После этого случая слава Сагайдачного как мученика, неподкупного и беспристрастного человека распространилась на все Полесье… Так вот и жил мировой посредник на хуторе Грушевом со своей Марией Тихоновной, которую многие помнили красавицей Марусей. Она пришла к Сагайдачному, когда ей было девятнадцать, а посреднику — за пятьдесят. Пришла якобы в ожидании несметного богатства, которое откроется после смерти мужа, в ожидании золота и бриллиантов. В ту пору еще ходили слухи, что Сагайдачный хранит где-то клад, фамильные драгоценности. Но хилый, изнуренный болезнями Сагайдачный и не думал умирать. Не было и клада. Книги да канделябры с барометрами — вот и все сокровища. И Маруся жила и старилась вместе со своим старым мужем.
…Уж много позже я понял, что она просто любила его, а ее молчаливость объяснялась презрением к слухам и наветам.
15
Я обо всем рассказал Сагайдачному. Об убитой косуле, о Штебленке, о Малясах, которые о чем-то умалчивали, и о Семеренкове, разговаривавшем так, словно я держал его под прицелом, и об Антонине, в ее неизменном черном платке, и о Горелом, бывшем ветеринаре-самозванце, что любил вешать людей на пружинящем кабеле, и о Варваре, «понимающей себя»…

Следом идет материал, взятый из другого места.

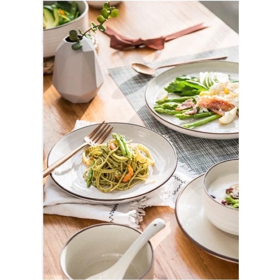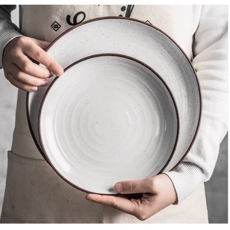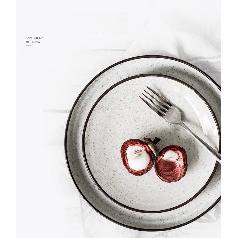 Nhà cửa & Đời sống > Bộ đồ bàn ăn > Dĩa || Đĩa sứ tròn decor phong cách Bắc Âu, Đĩa sứ cao cấp Men Tiêu Tuyết viền đenCòn hàng
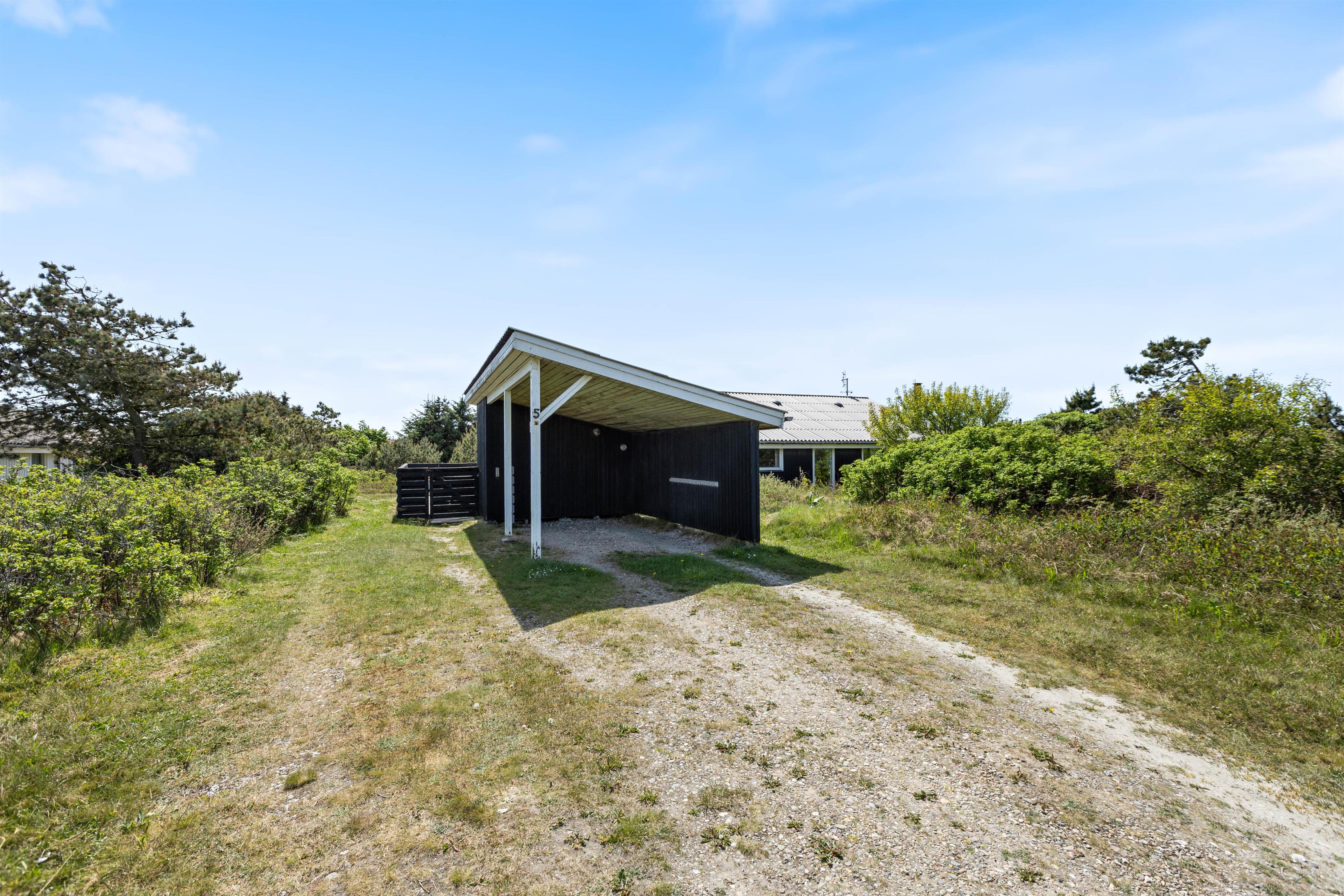 Beliggenheden i Bjerregårds populære ferieområde er også attraktiv. Stranden og Vesterhavet ligger kun 750 meter væk, og 5 minutters gang fra sommerhuset ligger den lokale købmand, som hver morgen sælger nybagte rundstykker i bagerafdelingen.
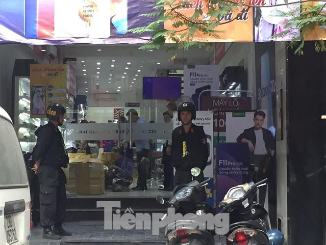 Lực lượng Cảnh sát có mặt khám xét tại cửa hàng Nhật Cường Mobile. (Ảnh: Tiền Phong)

Я рассказал Сагайдачному обо всех событиях начиная с того дня, когда мне вручили карабин номер 1624968, я старик слушал внимательно, экономя вторую тоненькую папироску на затяжках, а глаза мои были неспокойны: я видел то Будду, который сидел, скрестив ноги и заслонив корешок книги с каким-то длинным французским названием, то еще одного многорукого бога, то печальные очи длиннолицей богоматери в тройном складне, то глиняную статуэтку католического, польского Христа с терновым венцом на голове, где тернии торчали, как штыки… Был здесь еще деревянный идол в углу, бесформенное лицо его пересекала глубокая трещина-наверно, какой-нибудь Даждьбог или Перун, была мраморная голова длинноволосого греческого божества, а на дальних полках теснились гравюры с вавилонским богом в высокой шапке, с остроухой собакой рядом, и крылатым египетским богом солнца Ра, крайне мне несимпатичным из-за сходства с фашистским орлом. Почему-то это обилие богов, словно слетевшихся в Грушевый на какое-то свое собрание, смущало меня и сбивало с толку, мешало говорить. Кому же он поклоняется, хозяин хаты? Кто его бог, в чем его вера?
— Не знаю, что мне делать, — сказал я Сагайдачному напрямик. — Бандиты рядом, люди боятся их, и кто-то кормит этих бандитов, привечает их, а я ничего не могу придумать. Где искать Горелого? Через кого и как? — Я честно признавался в своем бессилии.
— Плохо, — сказал Сагайдачный.
— Плохо, — согласился я.
— И ты хочешь, чтобы я принял твою сторону, то есть сторону одной из сторон — извини за тавтологию.
— Пожалуйста, — сказал я. Я не знал, что значит тавтология, но готов был извинить Сагайдачного за что угодно, если бы он решился принять мою сторону.
— И с этой минуты я должен перестать быть Сагайдачным. И стать верным помощником власти.
— Ну да, — сказал я. Я уже понимал, куда он клонит.
— Ты, видимо, не понимаешь, почему я удрал сюда, на Грушевый хутор. Чтобы обрести свободу. Независимость. Почему-то моя свобода не нравилась. Ее пытались отобрать. Мне угрожали, сулили блага, льстили и даже… э… воздействовали. Мне дорого далось то, что сейчас есть у меня.
— Я прошу только совета.
— Совета! Потеря независимости всегда начинается с малого.
— Речь идет не о малом… о бандитах!
— Милый Иван Николаевич! Думаешь, они мне симпатичны, твои бандиты? Но… Ты молод, и тебе кажется, что страшнее кошки зверя нет. Да я не таких бандитов знаю! Из прошлого и из настоящего. Они не на единицы ведут счет жертвам — на сотни тысяч. На миллионы. Ты и не подозреваешь, какие существуют преступники! От Суллы до наших дней… Что ж мне, на старости лет изменять всю свою жизнь из-за какого-то ничтожного Горелого? Комар, муха!